Если в первых двух «чудесах» формальное сохранение житийного канона создает парадоксальное напряжение между художественной формой и смыслом, то в последнем – «О чуде, происшедшем в Пепельную среду» (1924) – игровое, «камуфляжное» отношение автора к чуду переводит его в профанный план. Жанровое обозначение произведения мотивирует возможность невероятного события – рождения ребенка у мужчины. Но эпатажный замысел нельзя исчерпать только пародией на гомосексуальную линию в современной русской литературе (или творческим «состязанием» с А. Ремизовым и М. Кузминым[296]

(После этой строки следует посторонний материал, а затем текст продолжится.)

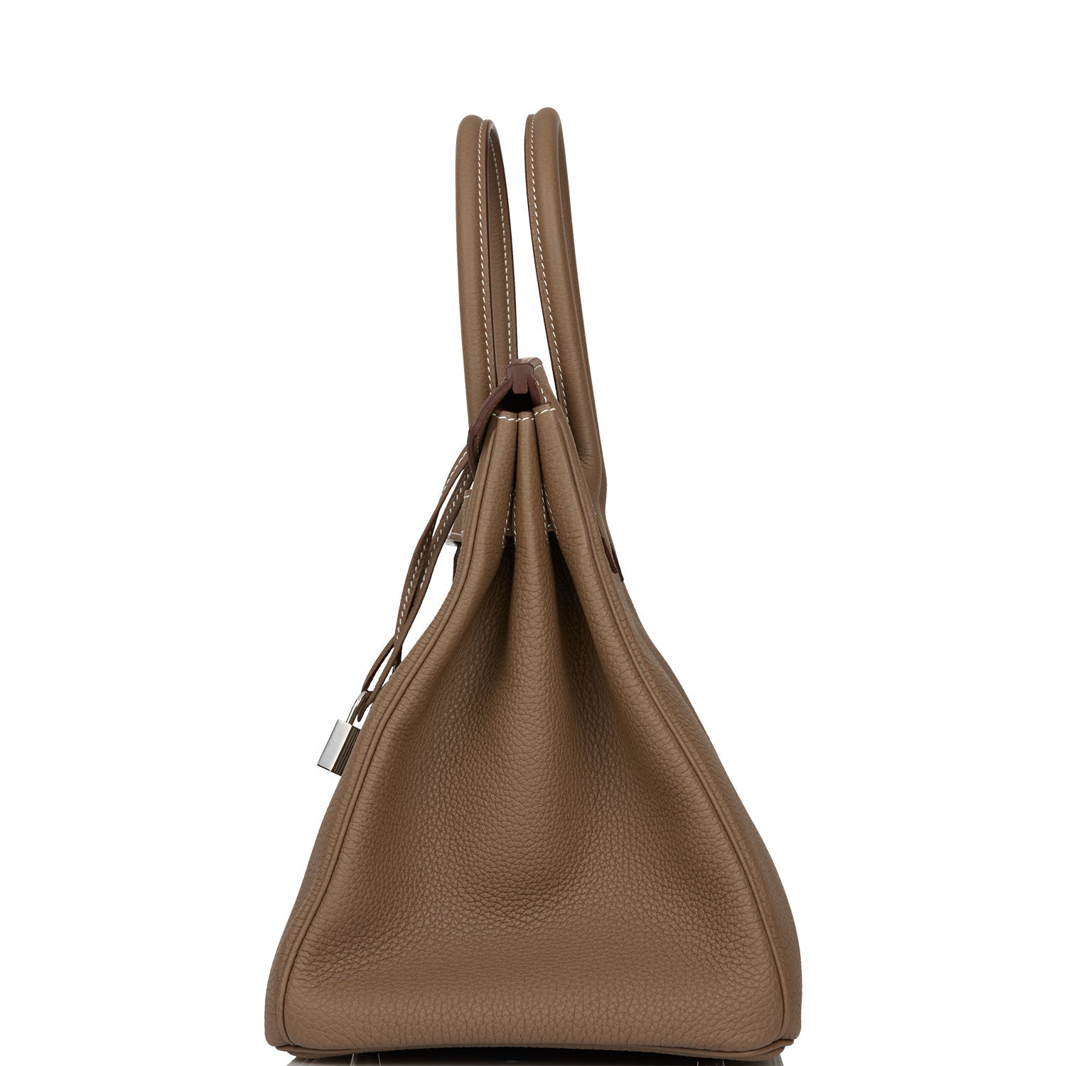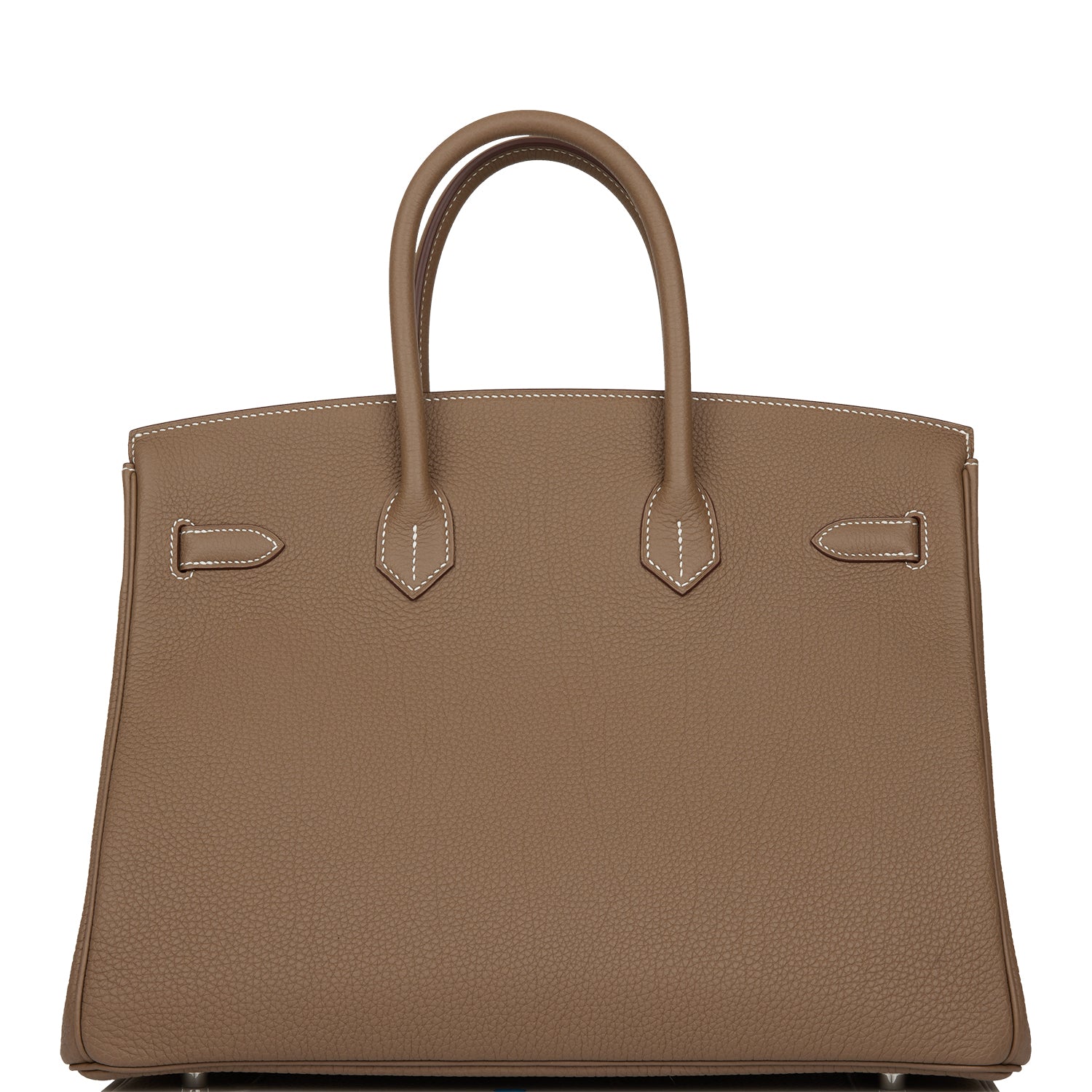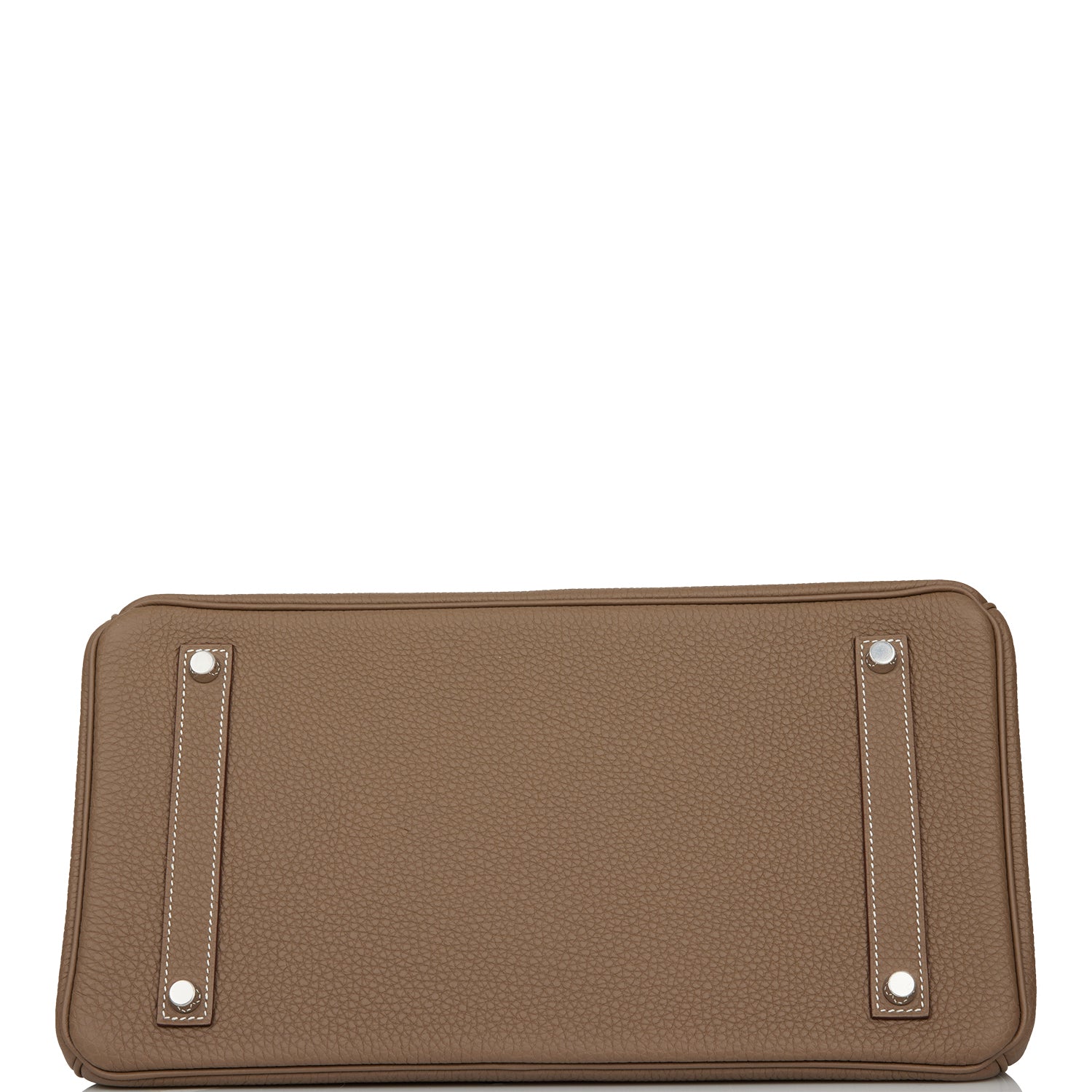 This Birkin is in Etoupe togo leather with palladium hardware and has contrast stitching, front flap, two straps with center toggle closure, clochette with lock and two keys, and double rolled handles.

). Рассказ имеет метатекстовую структуру. Во-первых, в нем воплощаются мифологические представления автора о вечном природном круговороте жизни. Высшие силы, и не без участия дьявольских (настойчиво подчеркиваются рыжие рожки и козьи глаза доктора Войчека, который помог появиться ребенку на свет и «свято хранил тайну чуда»), дали жизни каноника Симплиция смысл в продолжении, что само по себе счастье (мальчика зовут Феликс, «счастливый»). Смерть каноника – это одновременно и вечное возрождение: «Каноник последний раз увидел: огромный, как у архиепископа, лоб Феликса, рыжие рожки доктора, что-то светлое – как слезы – в его козьих глазах, и, как это ни странно, канонику показалось, что доктор Войчек сквозь слезы смеется. Впрочем, все это смутно, издали, сквозь сон: младенец уже засыпал» [С. 546]. Во-вторых, «чудо» о канонике Симплиции может быть прочитано и сквозь психоаналитическую призму, как сублимация автором нереализованных отцовских чувств. Известно, что у Замятиных не было детей, и они создали культ двух кукол – Ростислава и Миши. В этой игре в Ростислава и Мишу участвовали и друзья дома. Имена кукол упоминаются не только в письмах Евгения Ивановича к жене, но и в корреспонденции «серапионов» и А. А. Ахматовой.[297] И, наконец, произведение является последней частью триптиха о творчестве как чудесном рождении органического целого по аналогии с божественным творением.[298] Осознание чуда творчества у Замятина связывается с наступлением энтропийной эпохи цивилизации: католичество как синоним выхолощенного, догматического существования[299] приходит на смену языческим и христианским метафорам двух предыдущих произведений. Появление ребенка у правоверного («молчащего») архиепископа Бенедикта и отмеченного печатью детскости (т. е. незаурядности, свободы – в художественной системе Замятина) каноника Симплиция («простой, ясный») – у «целостного» человека – это травестирование символистской концепции творчества. Искусство у Замятина не только иррационально (доктор Войчек, принимавший роды, не может научно объяснить появление ребенка у мужчины), внерелигиозно (рождение Феликса происходит в первый день католического поста – в Пепельную среду), но и телесно воплощено, оформлено (тогда как для символиста процесс воплощения не является определяющим: рождение от «андрогина» чудесно невозможно, избыточно).Таким образом, «нечестивые рассказы»[300]
Е. И. Замятина – это не только «антижития», развенчивающие абсолюты христианского (и любого догматического) сознания, но и воплощение авторских представлений о творчестве как «божественном» рождении органического целого. В отличие от устремлений символистов к «андрогинной» эротической целостности искусства, Замятин отстаивает иной тип творчества, связанный с претворением энергии эроса в органический феномен культуры, и потому эротические переживания и деторождение являются константами художественного мира писателя.2.3. Семантика персонального повествования в поздних новеллах Е. И. Замятина («Ела», 1928; «Наводнение», 1929)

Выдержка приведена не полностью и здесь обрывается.